Nobody has done more for bringing to the forefront misleading information, i.e. “fake news,” than Donald Trump. And, nobody spreads more misleading information than Donald Trump. What a tragedy for the American people! Just know that we elect our politicians to govern our country, states and cities, not to govern the decisions we personally make for ourselves and our families. Believing everything you hear or see makes you vulnerable to deception, so know your facts.

Let’s start with some facts:

On New Year’s Eve, the government of China announced they were treating several cases of pneumonia from an unknown source in the city of Wuhan which has 11 million people.

By January 11th the first known death was of a 61-year-old man in Wuhan that frequently visited the marketplace from which it is believed the virus originated.

By January 21st the first known case in the U.S. was in the state of Washington from a 30-year-old that had recently returned from Wuhan, China, and had symptoms.

On January 30th the World Health Organization (WHO) declared the virus as a global pandemic, and on January 31st President Trump closed down travel from China to the U.S. At this point almost 10,000 people worldwide had contracted the virus.

Fast forward about 80 days, and we have more than 943,000 cases in the United States alone with more than 2.5 million worldwide and over 55,000 deaths in the U.S. The deaths in the United States have been disproportionately people of color. It doesn’t matter whether or not any of the rumors are true, what matters is real people are dying every day.

So, what does this mean for African American people? Since many of the deaths of African Americans are due to compromised immune systems, the first takeaway we should concern ourselves with is the business of improving our immune systems for future outbreaks. How do we do that? Start out by educating yourself. Information is literally at your fingertips, so check and recheck the information that you use is accurate, true and from a verified source. Get information from multiple sources, and then make an informed decision.

While I am not a medical professional, here are a few suggestions that you can find via the CDC, but please check with your health professional for guidance.

Don’t smoke!

Eat lots of fruits and vegetables.

Maintain a heathy weight.

Exercise often.

Drink alcohol in moderation

Minimize your stress levels

Get adequate sleep

Cook your meats thoroughly and reduce the intake (eat less).

Wash your hands thoroughly and often to prevent infection.

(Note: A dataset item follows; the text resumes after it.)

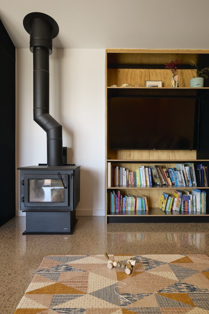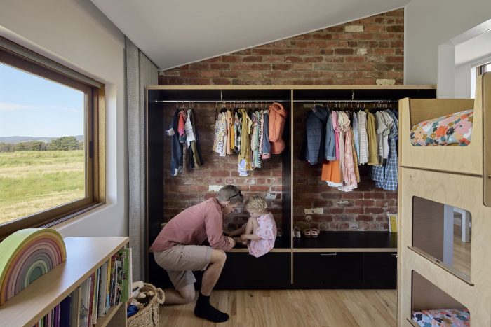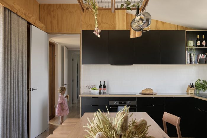 The home is arranged into two primary zones allowing connected family life but also privacy and refuge. The large kitchen spills out onto a vast shaded deck to provide opportunities for entertaining while the kitchen island/dining table links the kitchen, dining, and deck areas to become a focal point for family activity. At the other end of the home sits spacious bedrooms, each with ample storage, natural light, and a breeze, providing a peaceful retreat for rest and relaxation. Bedrooms spill out onto an oversized hallway that provides further storage and play space for the growing family.

Practice social distancing with out being told.

Use common sense.

Grow a garden.…it’s possible.

As a 63-year-old African American male, I am creeping into the high-risk category. However, as we have seen, neither the COVID-19 virus nor death is a respecter of age. Nonetheless, the older you get, the wiser you ought to become. Our choices have to be considerate, because our decisions affect, not just us, but our families, friends, co-workers, church members, neighbors, communities, cities, states, our nation, and our world. So, changing your mindset may take some time too, but it can be done. If you search online, there are several examples on what you can do. Personally, I would start with meditation. You don’t have to cross your legs and chant strange sounds to do it, just check it out for yourself.

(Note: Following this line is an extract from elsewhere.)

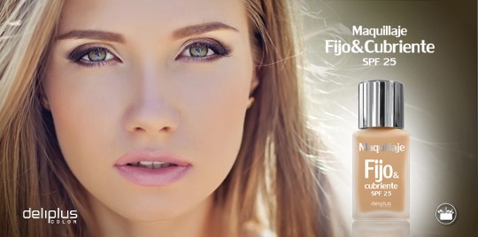 Este maquillaje cubriente y fijo es de la marca Deliplus (Mercadona). Es un cosmético que merece mucho la pena adquirir por sus excelentes resultados.

I have been very fortunate to have two of my three daughters and my mother-in-law home with my wife and me during these critical times. My middle daughter is working in Pennsylvania—believe it or not—on vaccines. She is a scientist, and while she may not be working on the vaccine that cures you, it may cure your loved one in the near future. This time at home has given me the opportunity to reflect, refresh, refuel, and refurbish my soul. It has given me the time to love on my family and for them to love on me even more.

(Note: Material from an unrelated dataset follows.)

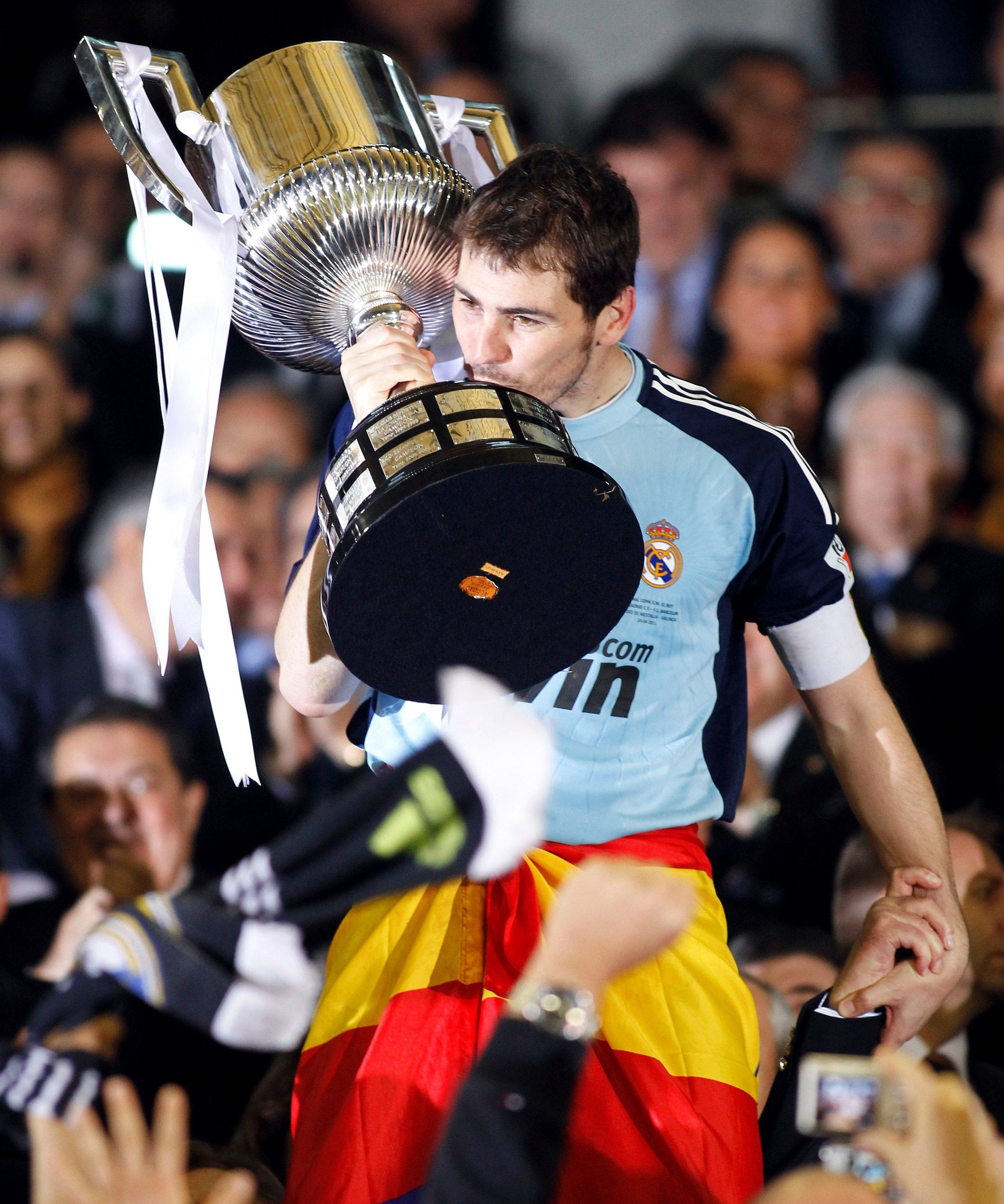 Ο Ίκερ Κασίγιας με το Κύπελλο Ισπανίας της σεζόν 2010/11, το οποίο κατέκτησε η Ρεάλ Μαδρίτης, νικώντας 1-0 την Μπαρτσελόνα στον τελικό του “Μεστάγια” στη Βαλένθια (20/4/2011).

Every year we host the Power Couples Ball, which promotes marriage, education and family. With that being said, I believe the days ahead will be even more difficult for individuals without a helpmate. All you single men and women out there, go home to your families. Alone is not good. If you’ve always wanted a family, then what are you waiting on?

Let’s Keep family at the heart of the African American community. Let’s unite our finances, reset our lives and Survive!